A radical plan to transform Switzerland's financial landscape by barring commercial banks from electronically creating money when they lend was resoundingly rejected by Swiss voters on Sunday.
More than three quarters rejected the so-called Sovereign Money initiative, according to the official result released from the Swiss government.
All of the country's self-governing cantons also voted against in the poll, which needed a majority from Switzerland's 26 cantons as well as a simple majority of voters to succeed.
Concerns about the potential risks to the Swiss economy by introducing a "vollgeld" or "real money" system appear to have convinced voters to reject the proposals.
The Swiss government, which had opposed the plan because of the uncertainties it would unleash, said it was pleased with the result.
"Implementing such a scheme, which would have raised so many questions, would have been hardly possible without years of trouble," Finance Minister Ueli Maurer said.

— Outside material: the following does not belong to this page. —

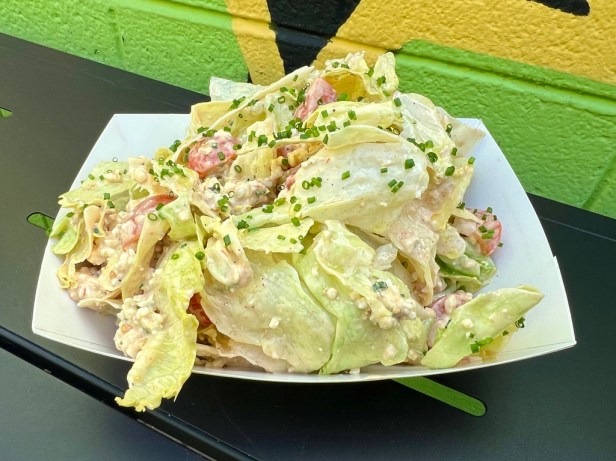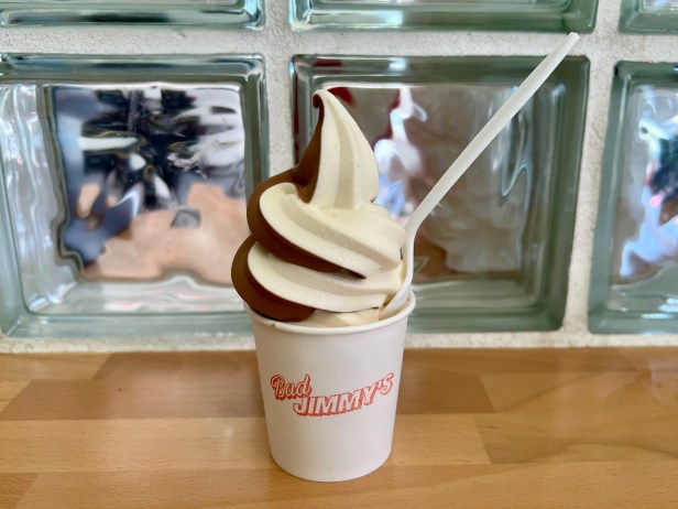 Chicken wings seasoned with a dry rub also make frequent appearances, and gussied-up sandwiches of turkey or mortadella have also been featured. For sides, there are two main choices: crisp waffle fries seasoned only with a little salt and packets of ketchup or a slab salad, a variant of the popular iceberg wedge salad with bacon, chives, grape tomatoes, and Thousand Island dressing. The everyday dessert at Bad Jimmy’s is soft serve, offered in classic vanilla and chocolate flavors, as well as the option of a swirled combination of the two.

"Swiss people in general don't like taking risks, and ...the people have seen no benefit from these proposals. You can also see that our banking system functions...The suspicions against the banks have been largely eliminated."
The vote, called under Switzerland's system of direct democracy after gathering more than 100,000 signatures, wanted to make the Swiss National Bank (SNB) the only body authorized to create money in the country.
Contrary to common belief, most money in the world is not produced by central banks but is instead created electronically by commercial lenders when they lend beyond the deposits they hold for savers.